=== WHAT YOU HAVE TO DO ===
Print exactly the lines below between the line containing "Engenharia e Urbanismo" and the line containing "Add great coloration", counting both of those lines. Leave pictures out.

═══ TASK MATERIAL

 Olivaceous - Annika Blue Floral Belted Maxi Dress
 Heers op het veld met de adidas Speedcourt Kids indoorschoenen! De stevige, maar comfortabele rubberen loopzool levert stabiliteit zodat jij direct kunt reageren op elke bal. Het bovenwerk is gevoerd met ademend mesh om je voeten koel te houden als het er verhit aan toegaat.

══════
═══ TASK MATERIAL

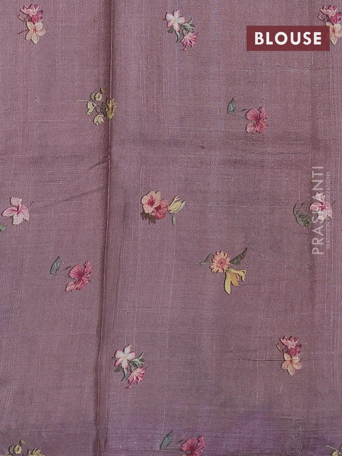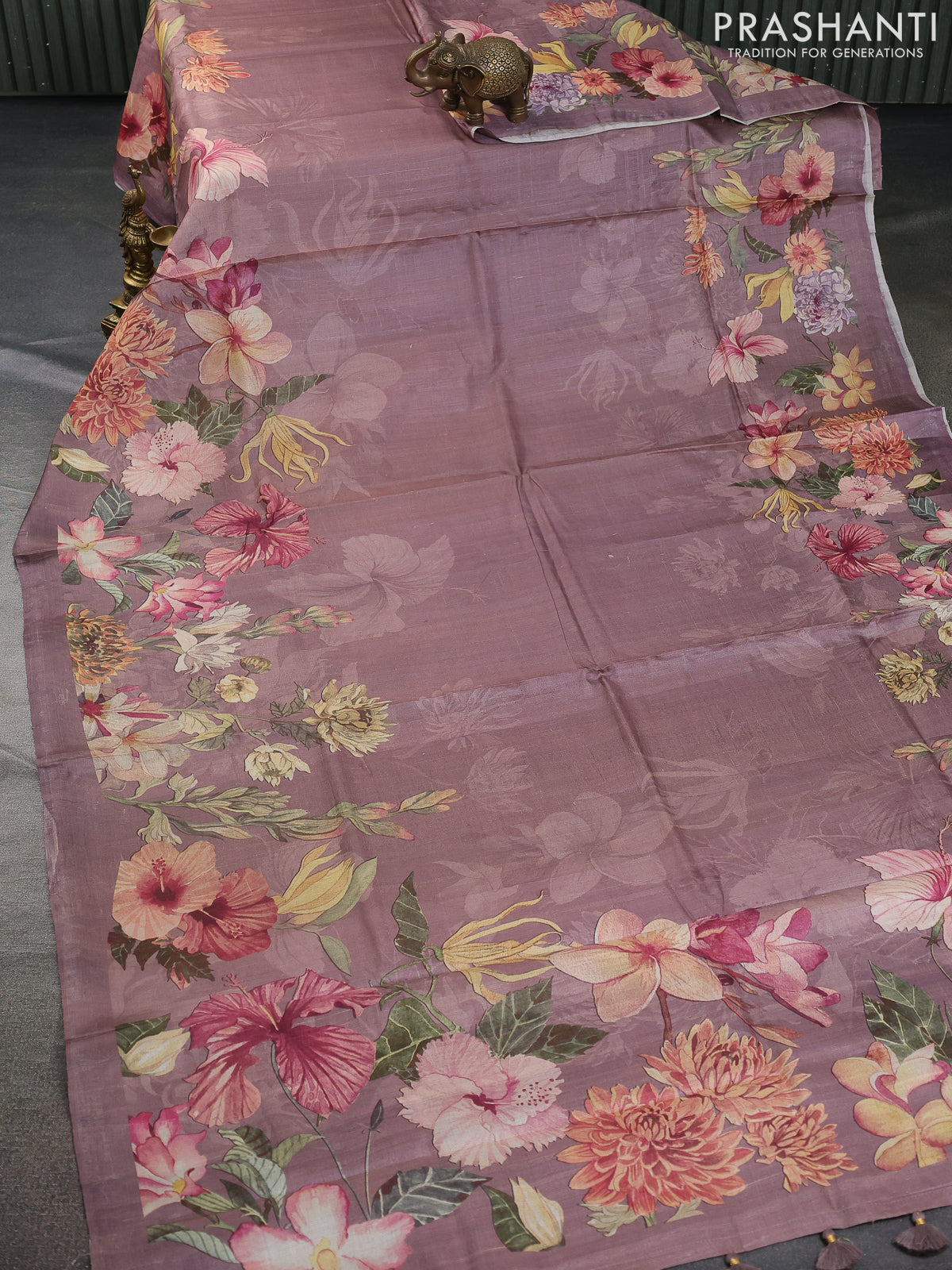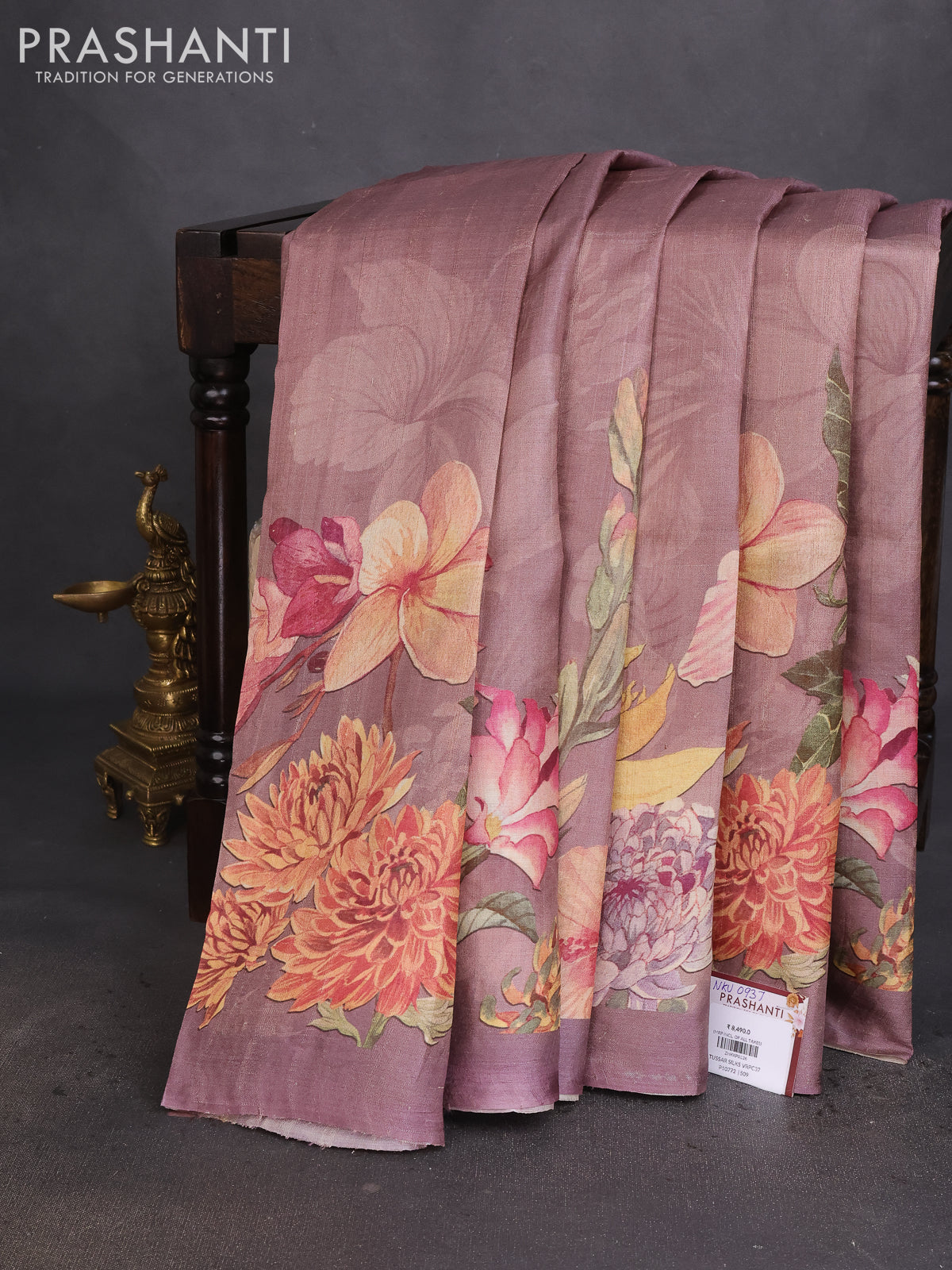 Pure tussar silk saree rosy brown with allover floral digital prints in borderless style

══════
═══ TASK MATERIAL

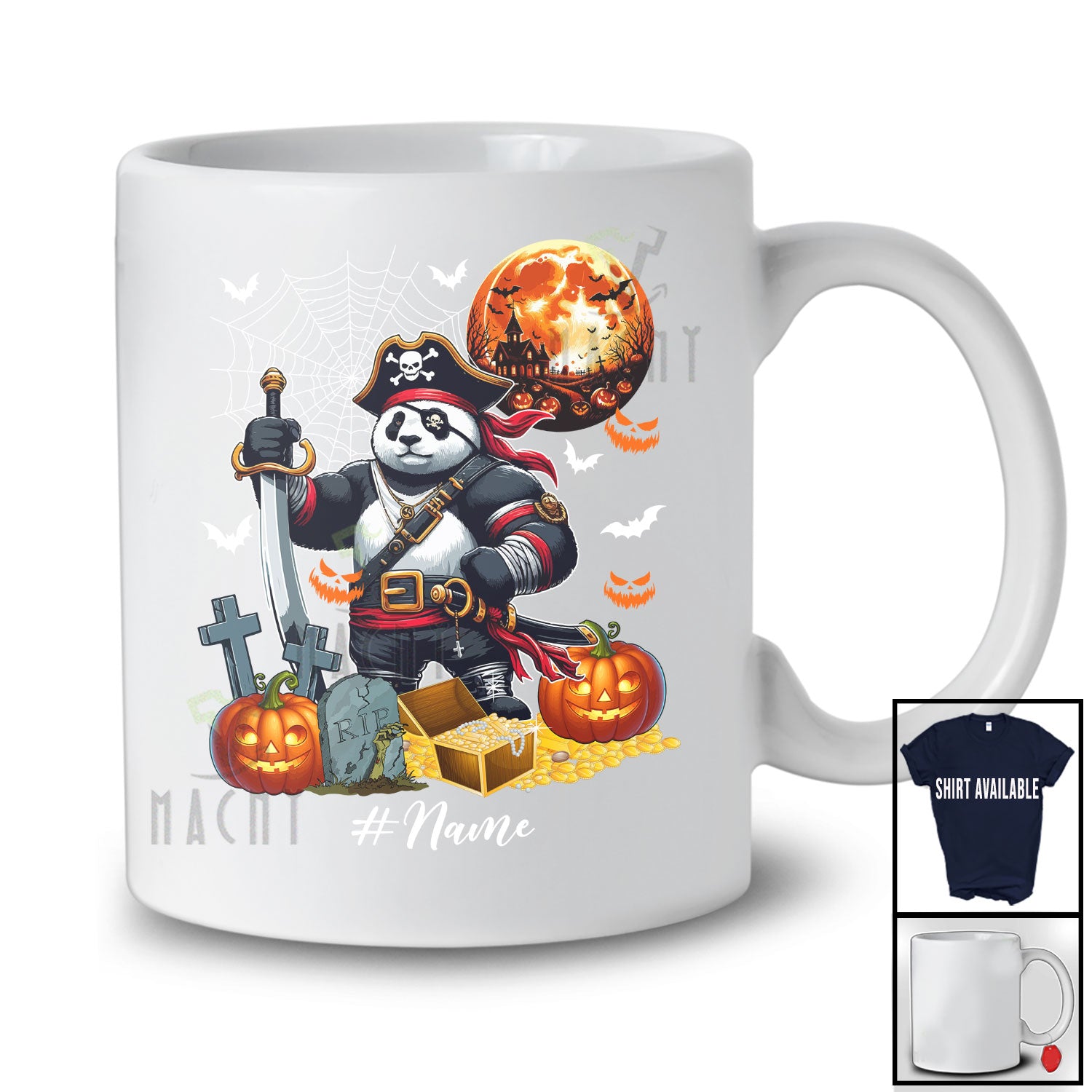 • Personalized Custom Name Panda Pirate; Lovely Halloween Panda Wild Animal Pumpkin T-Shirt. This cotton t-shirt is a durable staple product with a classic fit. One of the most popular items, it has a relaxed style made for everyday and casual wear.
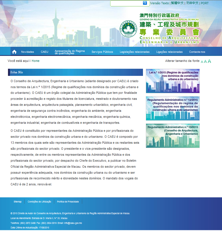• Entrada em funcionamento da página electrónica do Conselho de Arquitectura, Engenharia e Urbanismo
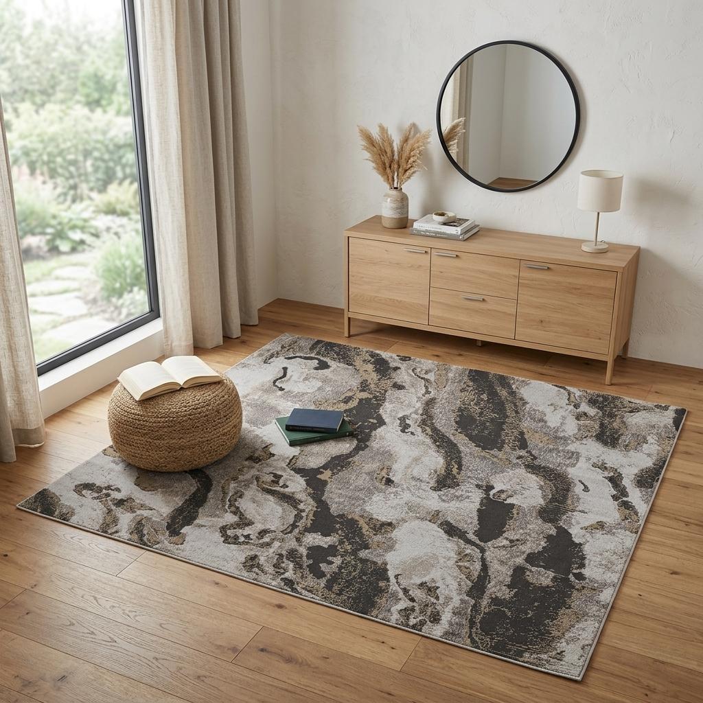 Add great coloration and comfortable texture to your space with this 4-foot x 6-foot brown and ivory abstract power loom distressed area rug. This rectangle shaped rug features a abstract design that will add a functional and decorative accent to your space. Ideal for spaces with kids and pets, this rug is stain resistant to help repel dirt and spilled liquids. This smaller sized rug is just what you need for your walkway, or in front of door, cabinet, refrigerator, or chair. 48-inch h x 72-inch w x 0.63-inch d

══════

=== ANSWER AREA ===
• Entrada em funcionamento da página electrónica do Conselho de Arquitectura, Engenharia e Urbanismo
 Add great coloration and comfortable texture to your space with this 4-foot x 6-foot brown and ivory abstract power loom distressed area rug. This rectangle shaped rug features a abstract design that will add a functional and decorative accent to your space. Ideal for spaces with kids and pets, this rug is stain resistant to help repel dirt and spilled liquids. This smaller sized rug is just what you need for your walkway, or in front of door, cabinet, refrigerator, or chair. 48-inch h x 72-inch w x 0.63-inch d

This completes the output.